Data supplied:

---

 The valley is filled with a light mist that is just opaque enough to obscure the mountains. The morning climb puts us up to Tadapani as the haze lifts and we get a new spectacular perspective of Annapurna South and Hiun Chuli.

---

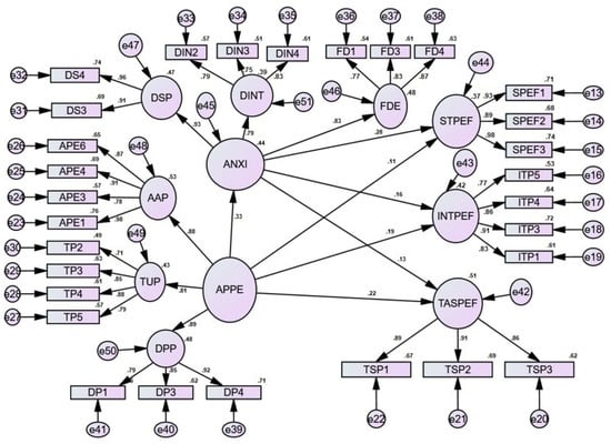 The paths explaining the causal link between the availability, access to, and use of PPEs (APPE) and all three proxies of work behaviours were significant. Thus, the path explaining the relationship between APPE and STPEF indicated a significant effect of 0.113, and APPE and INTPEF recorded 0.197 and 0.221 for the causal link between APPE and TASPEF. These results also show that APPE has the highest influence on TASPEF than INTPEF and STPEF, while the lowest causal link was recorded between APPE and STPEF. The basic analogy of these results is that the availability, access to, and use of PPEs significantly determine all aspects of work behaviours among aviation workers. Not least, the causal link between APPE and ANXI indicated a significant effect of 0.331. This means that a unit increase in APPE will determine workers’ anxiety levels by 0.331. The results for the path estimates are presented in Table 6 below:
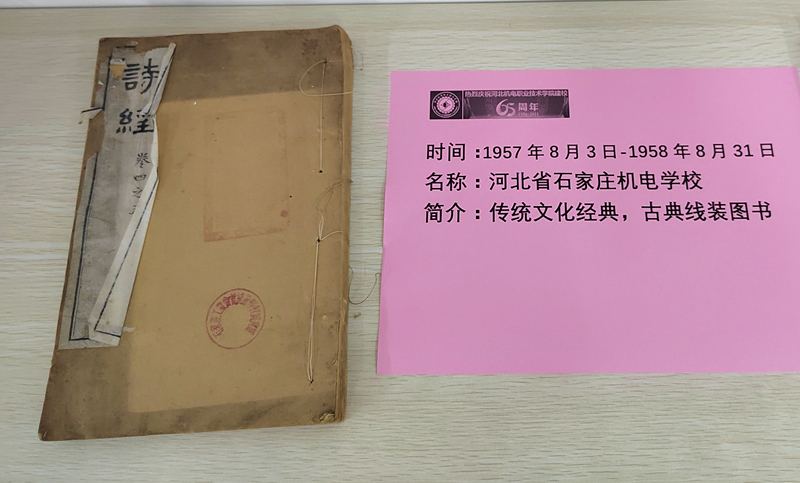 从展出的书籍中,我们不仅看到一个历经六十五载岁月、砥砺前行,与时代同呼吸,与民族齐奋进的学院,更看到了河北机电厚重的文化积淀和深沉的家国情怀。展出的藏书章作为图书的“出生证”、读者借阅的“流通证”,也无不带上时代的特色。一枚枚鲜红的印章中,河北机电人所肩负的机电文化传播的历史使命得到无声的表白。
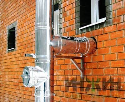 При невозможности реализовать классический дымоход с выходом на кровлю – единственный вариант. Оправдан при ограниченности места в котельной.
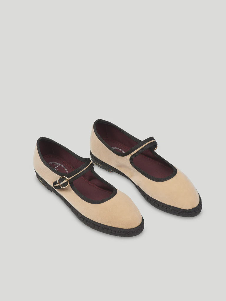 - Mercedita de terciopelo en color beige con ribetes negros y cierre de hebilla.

---

Task to complete: From the records above, give again only the part that opens with the line containing "При невозможности реализовать" and closes with the line containing "- Mercedita de". Keep both ends but drop the pictures.

Output for this task:
 При невозможности реализовать классический дымоход с выходом на кровлю – единственный вариант. Оправдан при ограниченности места в котельной.
 - Mercedita de terciopelo en color beige con ribetes negros y cierre de hebilla.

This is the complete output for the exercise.